Wednesday, December 26, 2007

The Failure of Writing

I was going to try to write something last night, but after a wonderful Christmas morning I was enraged at my sister, Becca, over stupid family drama so it didn't happen. This morning I bought ten books from Barnes and Noble and D.I., and anyone who knows me knows that having more books always sets my mind at ease (especially such titles as Love in the Time of Cholera, Writings of Oscar Wilde, Jane Eyre, Jacob's Room, Where Angels Fear to Tread, Zen and the Art of Motorcycle Maintenance, Middlemarch, Sometimes a Great Notion, Lake Wobegon, and a hardcover For Whom the Bell Tolls. Yeah. Especially since I also received Shogun, The Chosen, and The Joy Luck Club as gifts yesterday. But despite this bolstering of my library I'm in a lazy mood and not feeling creative at all, so I'm wussing out and blogging an excerpt from the book I'm currently reading, If on a Winter's Night a Traveler by Italo Calvino. It's a great quote, a little dense, but full of meaning and worth reading. It's applicable to any type of writing, including- and maybe especially- this blog:

Perhaps this diary will come to light many, many years after my death, when our language will have undergone who knows what transformations, and some of the words and expressions I use normally will seem outdated and of ambiguous meaning. In any case, the person who finds this diary will have one certain advantage over me: with a written language it is always possible to reconstruct a dictionary and a grammar, isolate sentences, transcribe them or paraphrase them in another language, whereas I am trying to read in the succession of things presented to me every day the world's intentions toward me, and I grope my way, knowing that there can exist no dictionary that will translate into words the burden of obscure allusions that lurks in these things.
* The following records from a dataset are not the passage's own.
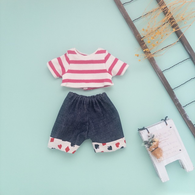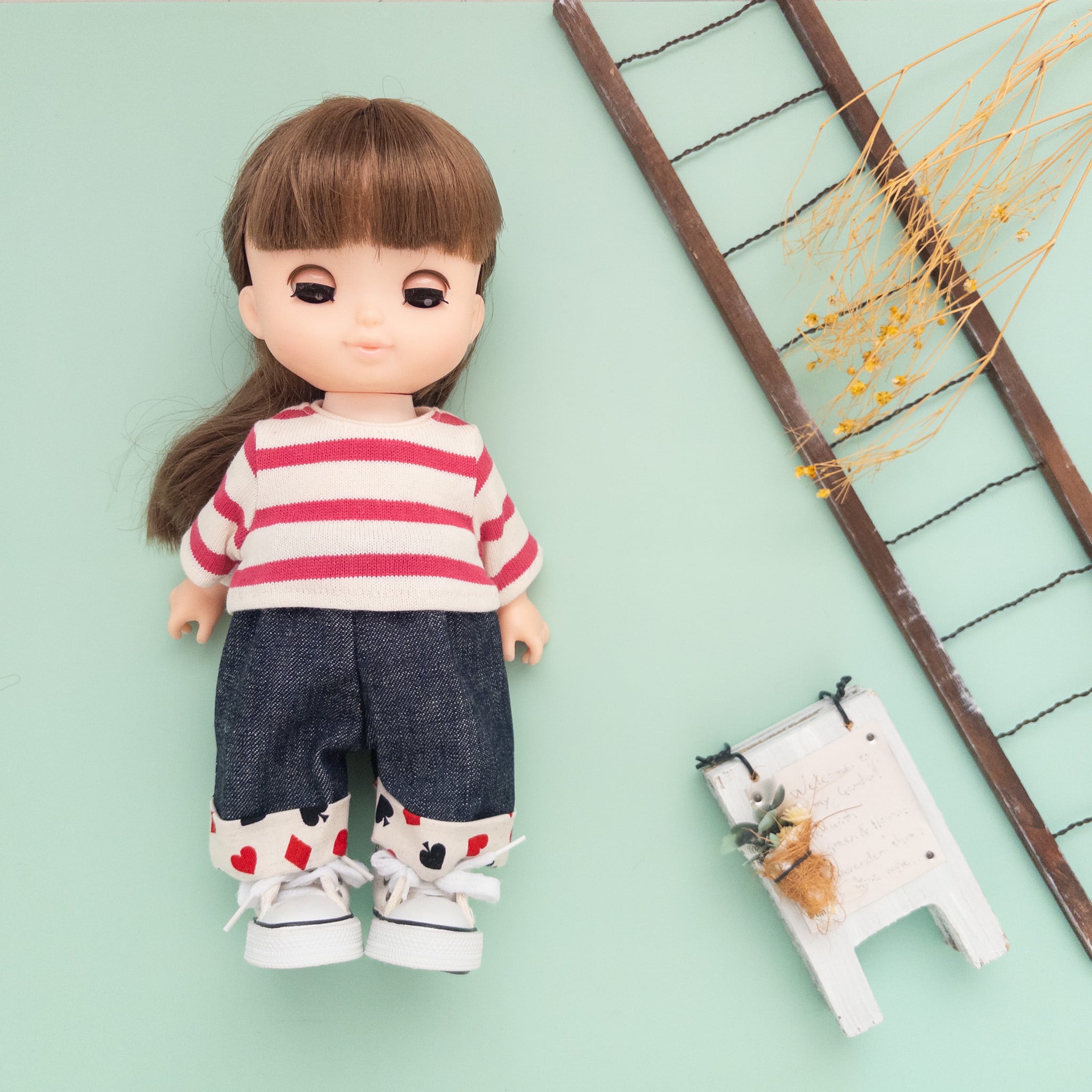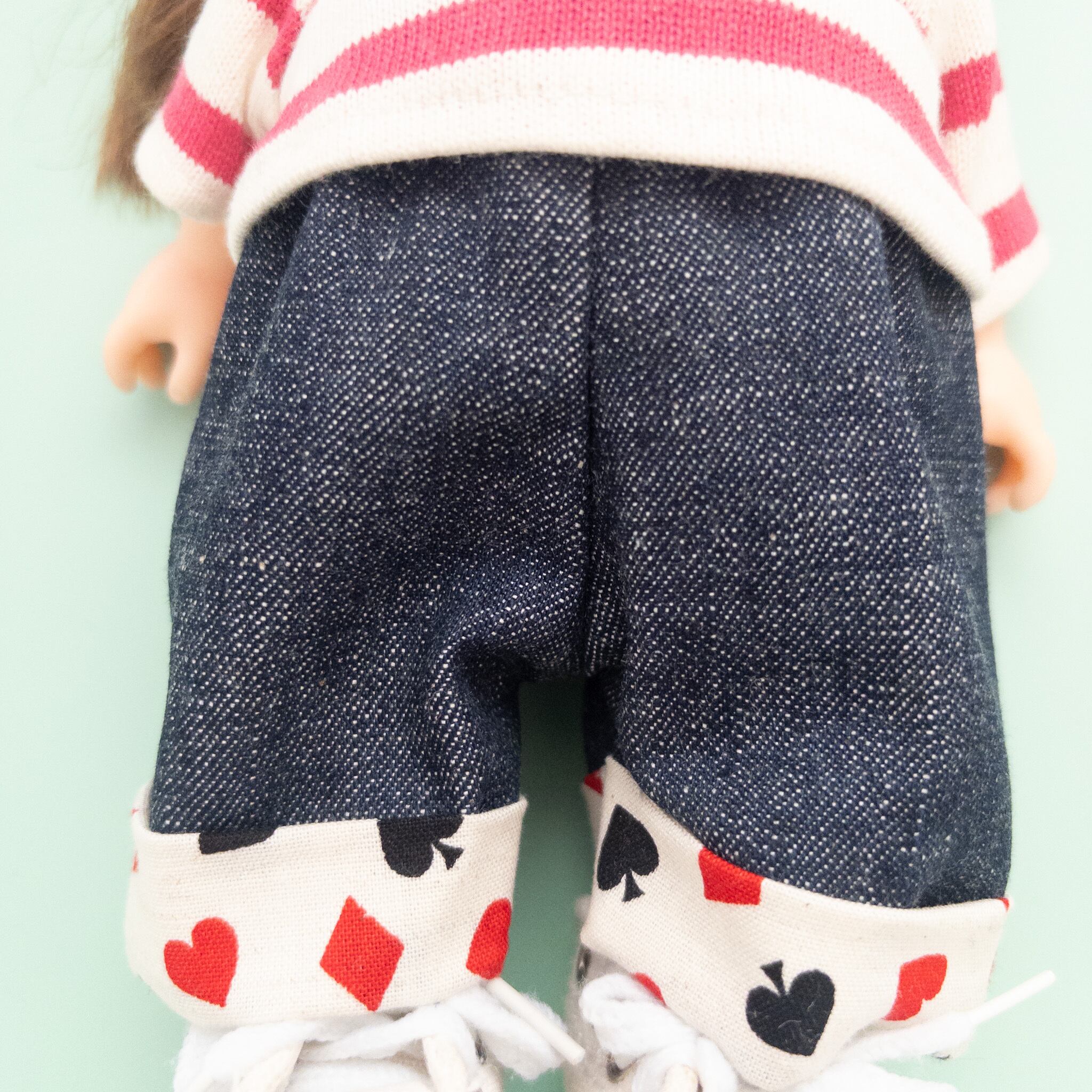 【2点セット】トレーナーロールアップジーンズセット(赤ストライプトランプ柄)メルちゃんソランちゃん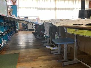 下の写真は、わかりづらいですが、教室全体を迷路にしている様子です。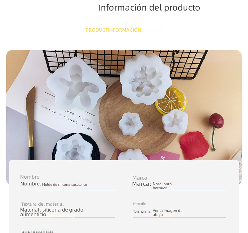 | Usos | Molde de pastel, velas aromáticas, jabón hecho a mano, etc. |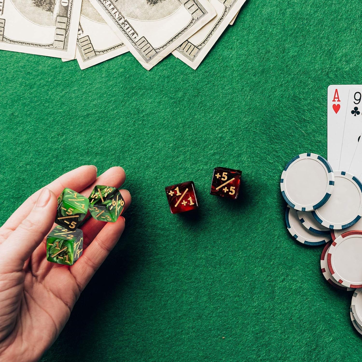 - What You Will Get: Total 48 pieces dice counters with 2 flannelette bags. Includes 24 pieces +1~+6 ruby dice counters & 24 pieces -1~-6 emerald dice counters. They are 0.63 inch/ 16 mm regular D6 dice.

I would like this hovering of presentiments and suspicions to reach the person who reads me not as an accidental obstacle to understanding what I write, but as its very substance; and if the process of my thoughts seems elusive to him who, setting out from radically changed mental habits, will seek to follow it, the important thing is that I convey to him the effort I am making to read between the lines of things the evasive meaning of what is in store for me.